Solo Chicken Productions’ cross-river adventure takes place September 8 in Fredericton.
Earlier this summer, Fredericton theatre company Solo Chicken Productions announced plans to transform the Bill Thorpe Walking Bridge into a fully animated art exhibition. This Friday, The Bridge Project will bring together several artists from across the region – from theatre, dance and music to poetry and visual arts – to create a special one-evening presentation/celebration of the Saint John River and its long and storied history.
“We began the process informally in November 2016 when I talked individually with artists and community groups to see if this would be something they would be on board with,” said Solo Chicken’s Lisa Anne Ross. “The response was really positive so I got the giant ball rolling and starting collecting participants. In June 2017 we put out a formal call to artists which brought in some incredible submissions, some from artists I had yet to cross paths with. Additionally, Natalie Sappier who is part of the core artistic team of the project really worked hard to connect us with aboriginal artists in the community and so we are really proud to be featuring the work of many emerging and established aboriginal artists such as Angela Beek, Carly Sappier, Mariah Sockabasin and Tara Francis.”
The Bridge Project will feature a total of 57 emerging and professional artists and community projects exploring the region’s relationship with the Saint John River through theatre, dance, music, art, poetry and film.
With the help of Sappier, Fredericton playwright Ryan Griffith and several volunteers, Ross and a pair of summer students have spent a large portion of the summer guiding this mammoth project through several stages of development.

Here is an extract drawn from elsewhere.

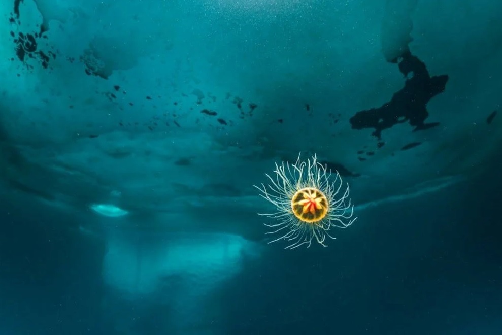 Fotoğrafın hikayesi: Fotoğrafta, bir santimetreden daha küçük bir gövdeye sahip küçük bir bentik hidromedusa görülüyor. Bu az bilinen jelatinimsi organizma derin kutup sularında yaşıyor.

“Because we are working with 57 different artists, the scope of the project is enormous, not just in terms of the nuts and bolts but in terms of vision and so my one hope is that as our audience passes across the bridge they are not only inspired and excited by individual works but experience a sense of the project as a whole.”
“I have been blessed with two of the best summer students a company could ask for,” said Ross. “Danielle Chiasson, who is a graduate of STU and is currently attending CAL ARTS in California, is our project Stage Manager and she had been whipping us all into a state of organizational bliss. She is the consummate workhorse and gets the job done with a smile.
“Alex Rioux is also a STU graduate and he has been our Media Coordinator and facilitating numerous projects. He has also been working overtime to pull projects together and has been teaching me the ways of the social media. Both are former students of mine and it has been such a pleasure to see them excelling in a professional capacity.
“Additionally we have been amassing a huge team of volunteers and Assistant Stage Managers who are going to become a well-oiled machine that will bring this project to life.”
“Perhaps by working together on this bridge and exploring who we are and where we came from we can begin to build a vision of where we can go from here.”
The original call of artists resulted in an enormous amount of interest, which then presented organizers with the challenging task of linking each element together in hopes of creating a cohesive and unifying vision for the event.
“Because we are working with 57 different artists, the scope of the project is enormous, not just in terms of the nuts and bolts but in terms of vision and so my one hope is that as our audience passes across the bridge they are not only inspired and excited by individual works but experience a sense of the project as a whole. Ryan Griffith was instrumental in helping us to develop this as he is a stickler for building a clear theme to a work.”
Using the questions: Who are we? Where did we come from? Where can we go from here?, as well as incorporating the bridge as the work’s central figure, The BRIDGE aims to offer answers to each of these questions as audiences engage with each artist’s work as they make their way across the river.
“The bridge represents so much to us in terms of being a space that we cross together, that unites us but that also has a history that includes the rise of industrialization and colonization,” said Ross. “Perhaps by working together on this bridge and exploring who we are and where we came from we can begin to build a vision of where we can go from here.”
The Bridge Project will take place September 8 between 5 – 8 p.m., with a rain date set for the following day if the skies are uncooperative.
“After working for almost a year on this project I am just excited to stand at the end of the bridge at 5 p.m. on Friday September 8th and welcome our first audience members and stroll with them to experience the hard work, artistic vision and passion of so many artists and people,” she said.
The Bridge Project | Friday, September 8 ( rain date September 8) | 5 – 8 p.m. | Bill Thorpe Walking Bridge – downtown Fredericton | View Event
The event is presented free of charge but donation are welcome. Dogs must be on a leash. Cycists and skateboarders are welcome but must dismount.